● PROBLEM DETAILS
In your copy, the records appear word for word and the pictures do not appear at all.

● INPUT RECORDS

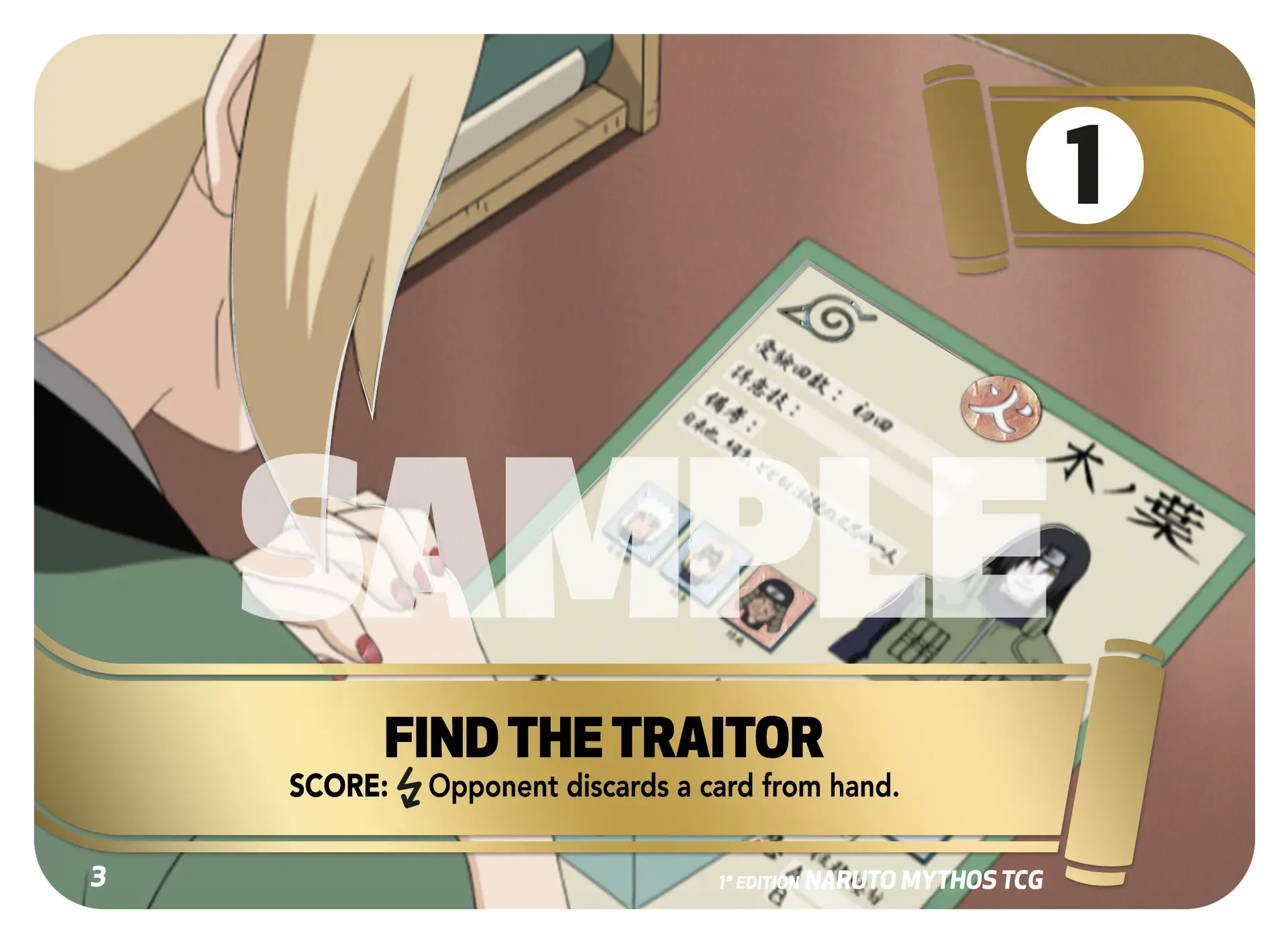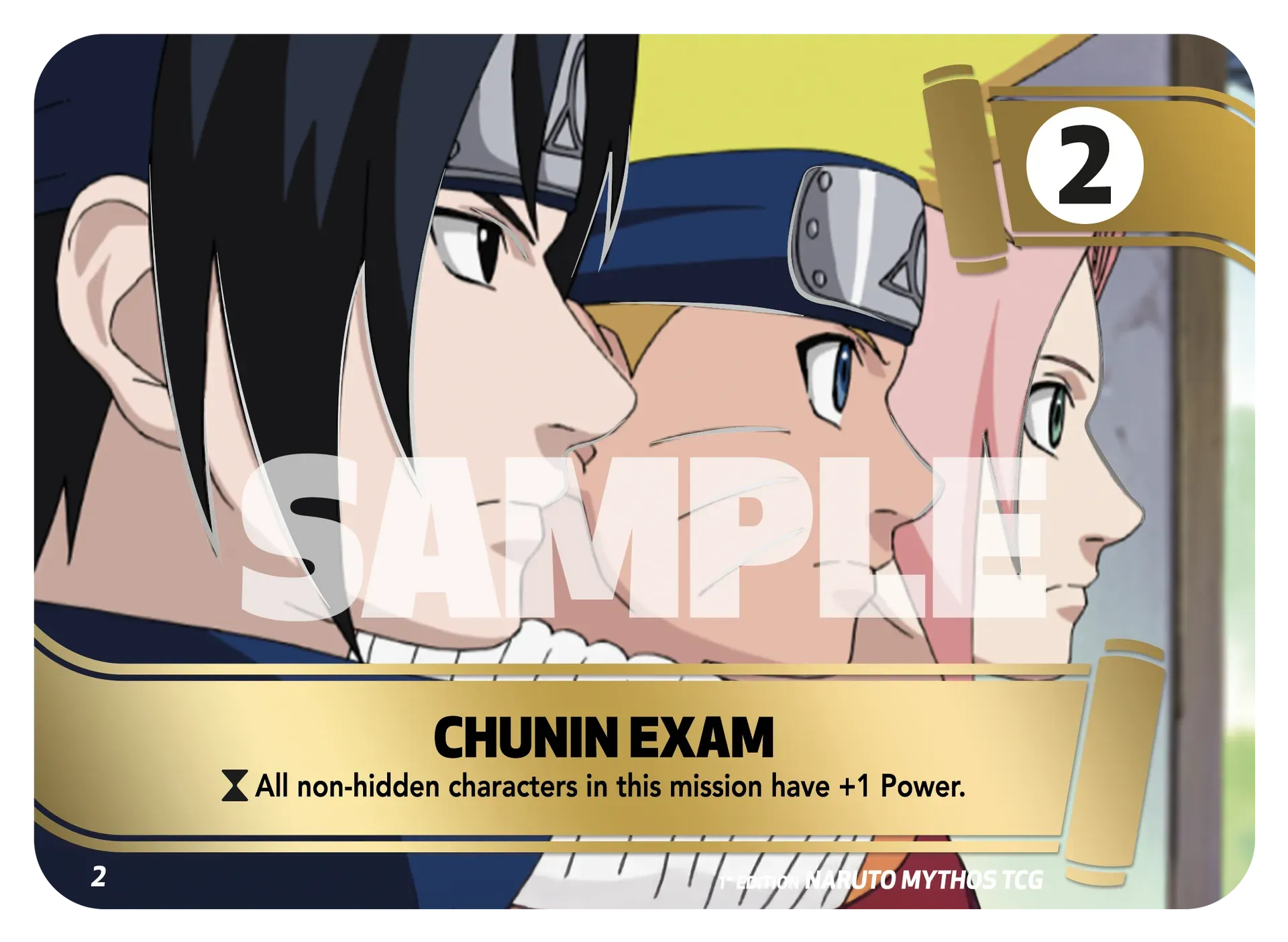 Dans Naruto Mythos TCG, les missions sont le moteur narratif dictant le rythme de la partie. Elles sont hiérarchisées par rangs (D, C, B, A), indiquant leur moment d'entrée en jeu : le Rang D au Round 1, le Rang A au Round 4.
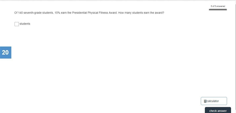 Therefore, 21 of the 140 seventh-grade students earn the Presidential Physical Fitness Award.
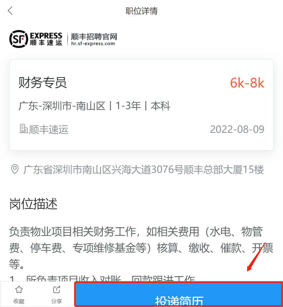招聘部门顺丰物流体验部
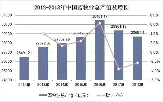 据统计,2016年中国畜牧业总产值达到30461.17亿元,2018年受宏观经济等多方面因素的影响,截至到2018年中国畜牧业总产值下降至28697.4亿元,同比下降2.3%。
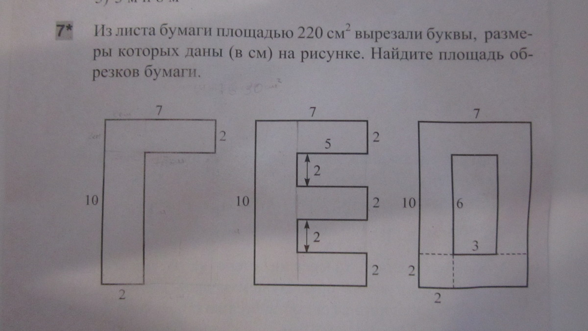 Общая площадь бумаги 220 см². Из нее вырезали буквы площадью 50 см², 52 см² и 30 см². Значит площадь обрезков составляет 220-30-50-52=88 см²

● RESULT BELOW
 Dans Naruto Mythos TCG, les missions sont le moteur narratif dictant le rythme de la partie. Elles sont hiérarchisées par rangs (D, C, B, A), indiquant leur moment d'entrée en jeu : le Rang D au Round 1, le Rang A au Round 4.
 Therefore, 21 of the 140 seventh-grade students earn the Presidential Physical Fitness Award.
招聘部门顺丰物流体验部
 据统计,2016年中国畜牧业总产值达到30461.17亿元,2018年受宏观经济等多方面因素的影响,截至到2018年中国畜牧业总产值下降至28697.4亿元,同比下降2.3%。
 Общая площадь бумаги 220 см². Из нее вырезали буквы площадью 50 см², 52 см² и 30 см². Значит площадь обрезков составляет 220-30-50-52=88 см²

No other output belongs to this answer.